In winning the third Cup title in franchise history, following triumphs in 1996 and 2001, the Avalanche learned that the Stanley Cup’s listed weight of 35 pounds doesn’t include the dreams it holds.

Colorado captain Gabriel Landeskog lifts the Stanley Cup after the Avalanche’s win over the Lightning on Sunday.

(Phelan Ebenhack / Associated Press)

Colorado captain Gabriel Landeskog, who crawled to the bench in the final minutes after blocking a shot and losing his skate blade, lived his dream. He received the Cup from NHL deputy commissioner Bill Daly, the stand-in for COVID-stricken commissioner Gary Bettman, and held the gleaming trophy high above his head, shouting and grinning in delight. The Cup passed from eager hand to eager hand, from youngsters like Byram to veterans like Cogliano and former Duck Josh Manson and former King Jack Johnson, who was traded by the Kings to Columbus in 2012, before they won the first of their two Cup titles in three seasons.

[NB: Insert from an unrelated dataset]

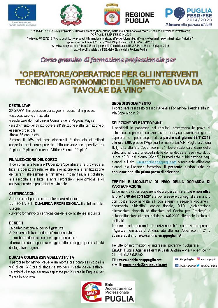 Il corso mira a formare l'Operatore/Operatrice che provvede a tutte le operazioni relative alla lavorazione e alla fertilizzazione dei terreni, alle semine, ai trattamenti fitosanitari, alle potature, alla raccolta e a tutte le altre lavorazioni agronomiche e di coltivazione delle produzioni vitivinicole.

“Unbelievable. It’s still surreal. I still can’t believe it actually happened,” Johnson said. “Good things don’t come easy, and waiting so long made this that much sweeter.”

Manson had been upset when the Ducks traded him to the Avalanche. It turned out to be the best thing that had happened in his career. “I didn’t know it at the time,” he said, “but it led me to this moment and I couldn’t be more grateful.”

The Lightning, backed by a passionate crowd, came out with the right mix of intensity and urgency in the first period. The Avalanche looked nervous and easily rattled, taking an early penalty and giving up the game’s first goal, which resulted from a turnover by Makar. The Norris Trophy winner as the league’s top defenseman during the regular season unwittingly gave the puck away to Ondrej Palat, who found Steven Stamkos in front of the net. Stamkos didn’t miss the point-blank shot, scoring his 11th goal of these playoffs.

Colorado pulled even early in the second period, on a play the Lightning protested vehemently but unsuccessfully. A delayed penalty was pending against the Lightning before Nathan MacKinnon squeezed a shot over Andrei Vasilevskiy’s right pad, and the Avalanche contended that the whistle should have been blown before the shot because Tampa Bay’s Nick Paul had touched the puck. The officials huddled but let the goal stand. Byram and Landeskog were credited with the assists on MacKinnon’s 13th playoff goal.

As the game became nastier, Colorado surged ahead at 12:28 of the second period. Artturi Lehkonen, acquired by Colorado from Montreal shortly before the trade deadline, was set up by MacKinnon for a shot from the left circle that gave Colorado its first lead of the game.

The Avalanche held on, absorbing the best that the Lightning could muster with them from Denver. “We deserved to win,” Cogliano said. And hockey fans deserved this treat of splendid hockey between a champion that only grudgingly relinquished its crown and a champion in the making.